------ Extracted material
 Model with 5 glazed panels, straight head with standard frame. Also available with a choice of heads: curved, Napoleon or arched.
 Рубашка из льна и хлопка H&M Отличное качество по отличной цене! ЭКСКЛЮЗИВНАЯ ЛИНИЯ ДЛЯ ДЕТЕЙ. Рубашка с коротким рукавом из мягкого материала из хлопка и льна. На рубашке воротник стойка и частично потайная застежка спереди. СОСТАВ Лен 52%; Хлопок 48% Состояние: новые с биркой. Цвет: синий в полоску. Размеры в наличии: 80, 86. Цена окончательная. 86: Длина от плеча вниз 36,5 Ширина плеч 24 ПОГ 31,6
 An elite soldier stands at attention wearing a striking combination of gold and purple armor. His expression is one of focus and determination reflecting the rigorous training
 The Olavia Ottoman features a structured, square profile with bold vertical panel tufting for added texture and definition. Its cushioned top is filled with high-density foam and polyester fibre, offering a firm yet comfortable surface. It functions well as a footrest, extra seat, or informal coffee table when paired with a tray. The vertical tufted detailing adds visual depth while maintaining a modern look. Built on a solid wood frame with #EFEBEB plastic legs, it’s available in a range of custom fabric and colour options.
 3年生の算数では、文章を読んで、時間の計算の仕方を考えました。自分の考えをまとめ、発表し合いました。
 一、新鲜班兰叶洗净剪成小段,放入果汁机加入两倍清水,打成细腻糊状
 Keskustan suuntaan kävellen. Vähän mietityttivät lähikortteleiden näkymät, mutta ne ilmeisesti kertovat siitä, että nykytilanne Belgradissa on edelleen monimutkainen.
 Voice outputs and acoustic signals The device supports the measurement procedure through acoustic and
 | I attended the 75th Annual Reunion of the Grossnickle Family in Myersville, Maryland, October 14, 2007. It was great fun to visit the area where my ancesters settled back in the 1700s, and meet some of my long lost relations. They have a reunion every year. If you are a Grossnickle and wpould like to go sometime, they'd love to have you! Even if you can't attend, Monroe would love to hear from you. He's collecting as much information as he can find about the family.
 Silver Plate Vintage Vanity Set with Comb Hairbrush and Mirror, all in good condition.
------------
Exercise goal ▸
Please repeat the lines above exactly, beginning with the line that contains "An elite soldier" and ending with the final one.

Answer box ▸
 An elite soldier stands at attention wearing a striking combination of gold and purple armor. His expression is one of focus and determination reflecting the rigorous training
 The Olavia Ottoman features a structured, square profile with bold vertical panel tufting for added texture and definition. Its cushioned top is filled with high-density foam and polyester fibre, offering a firm yet comfortable surface. It functions well as a footrest, extra seat, or informal coffee table when paired with a tray. The vertical tufted detailing adds visual depth while maintaining a modern look. Built on a solid wood frame with #EFEBEB plastic legs, it’s available in a range of custom fabric and colour options.
 3年生の算数では、文章を読んで、時間の計算の仕方を考えました。自分の考えをまとめ、発表し合いました。
 一、新鲜班兰叶洗净剪成小段,放入果汁机加入两倍清水,打成细腻糊状
 Keskustan suuntaan kävellen. Vähän mietityttivät lähikortteleiden näkymät, mutta ne ilmeisesti kertovat siitä, että nykytilanne Belgradissa on edelleen monimutkainen.
 Voice outputs and acoustic signals The device supports the measurement procedure through acoustic and
 | I attended the 75th Annual Reunion of the Grossnickle Family in Myersville, Maryland, October 14, 2007. It was great fun to visit the area where my ancesters settled back in the 1700s, and meet some of my long lost relations. They have a reunion every year. If you are a Grossnickle and wpould like to go sometime, they'd love to have you! Even if you can't attend, Monroe would love to hear from you. He's collecting as much information as he can find about the family.
 Silver Plate Vintage Vanity Set with Comb Hairbrush and Mirror, all in good condition.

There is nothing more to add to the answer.